We close this section we some remarks.

Remarks 12.17

  • The quality of the empirical approximation \((\widehat {\Psi }_j^{(t)})_{1\le t \le T}\) to the limiting distribution of Ψj will depend on how well we cover the index set \({\mathcal {C}}_B^1({\mathcal {X}}, \nu )\). We could try to use covering theorems to control the accuracy. However, this is often too challenging. The simulation approach presented above suffers from not giving us any control on the quality of this covering, nor is it clear how the Sobolev norm condition for B in (12.8) can efficiently be checked during the simulation approach. We highlight that this Sobolev norm bound \(\left \|f_k\right \|{ }_{\lfloor q_0/2\rfloor + 2, 2}\le B\) is crucial when we want to empirically estimate the distribution of Ψj; under special assumptions Horel–Giesecke [190] prove in their Theorem 4 that Ψj scales as B 2. Thus, if we do not have any control over the Sobolev norm of the sampled shallow FN networks f k, the above simulation algorithm is not useful to approximate the limiting distribution in Proposition 12.16.

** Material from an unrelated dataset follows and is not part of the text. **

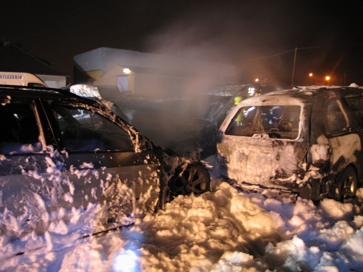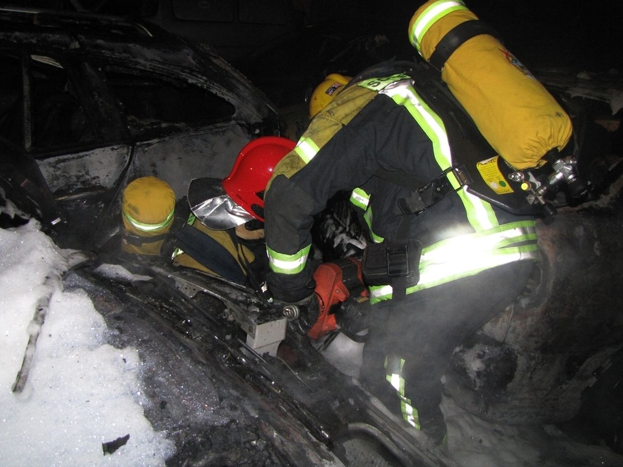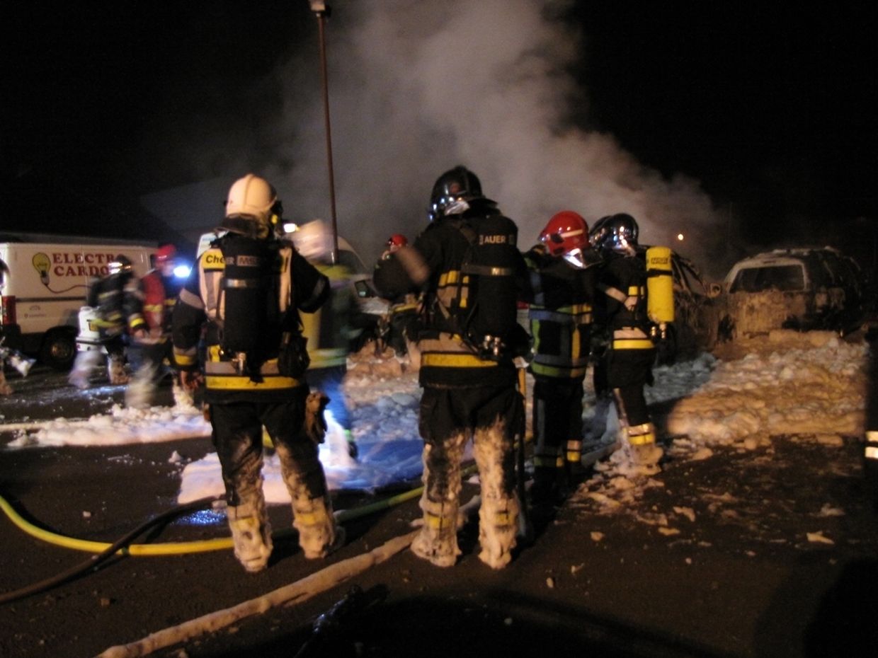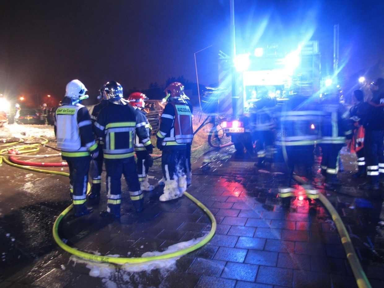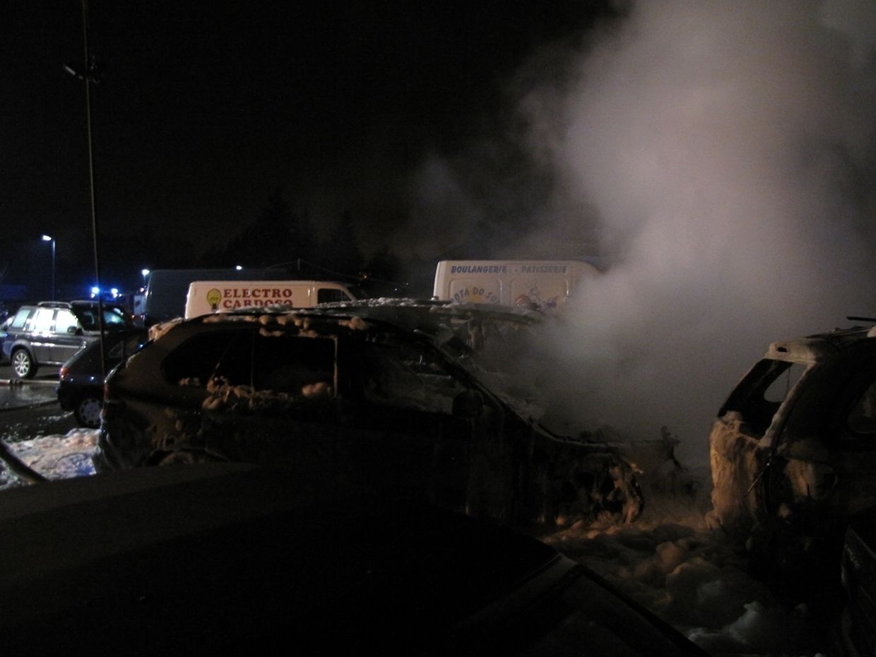 Einige Augenblicke später trafen die ersten Einsatzkräfte ein und standen tatsächlich einem ausgedehntem PKW Brand gegenüber. 4 Fahrzeuge standen bereits in Vollbrand. Trotz dem schnellen Eingreifen mehrerer Atemschutztrupps, welche die Flammen mit Löschschaum niederkämpften, wurden noch 4 weitere Fahrzeuge, welche alle sehr eng beieinander standen, durch die große Hitzeauswirkung schwer beschädigt. Verletzt wurde bei dem Brand niemand.

  • The assumptions of Proposition 12.16 require that X ∼ ν has a strictly positive density over the entire feature space \({\mathcal {X}}\) (excluding the intercept component). This is necessary to be able to capture any non-zero partial derivative ∂μ 0(x)∕∂x j over the entire feature space \({\mathcal {X}}\). In practical applications, where we rely on a finite sample (X i)1≤in, this may be problematic and needs some care. For instance, there may be the situation where the samples cluster in two disjoint regions, say \(C_1 \subset {\mathcal {X}}\) and \(C_2 \subset {\mathcal {X}}\), because we may have ν(C 1 ∪ C 2) ≈ 1. That is, in that case we rarely have observations X i not lying in one of these two clusters. If ∂μ 0(x)∕∂x j = 0 on these two clusters x ∈ C 1 ∪ C 2, but if μ 0 has a very steep slope between the two clusters (i.e., if they are really different in terms of μ 0), then the test on this finite sample will not find the significant slope.

  • The distribution X ∼ ν of the features is assumed to be absolutely continuous on the hypercube \([0,1]^{q_0}\), this is not fulfilled for binary and categorical features.

  • Another question is how the test of Proposition 12.16 is affected by collinearity in feature components. Note that we only test one component at a time. Moreover, we would like to highlight the j-dependency in the limiting random variable Ψj. This dependency is induced by the properties of the feature distribution ν that may not be exchangeable in the components of x.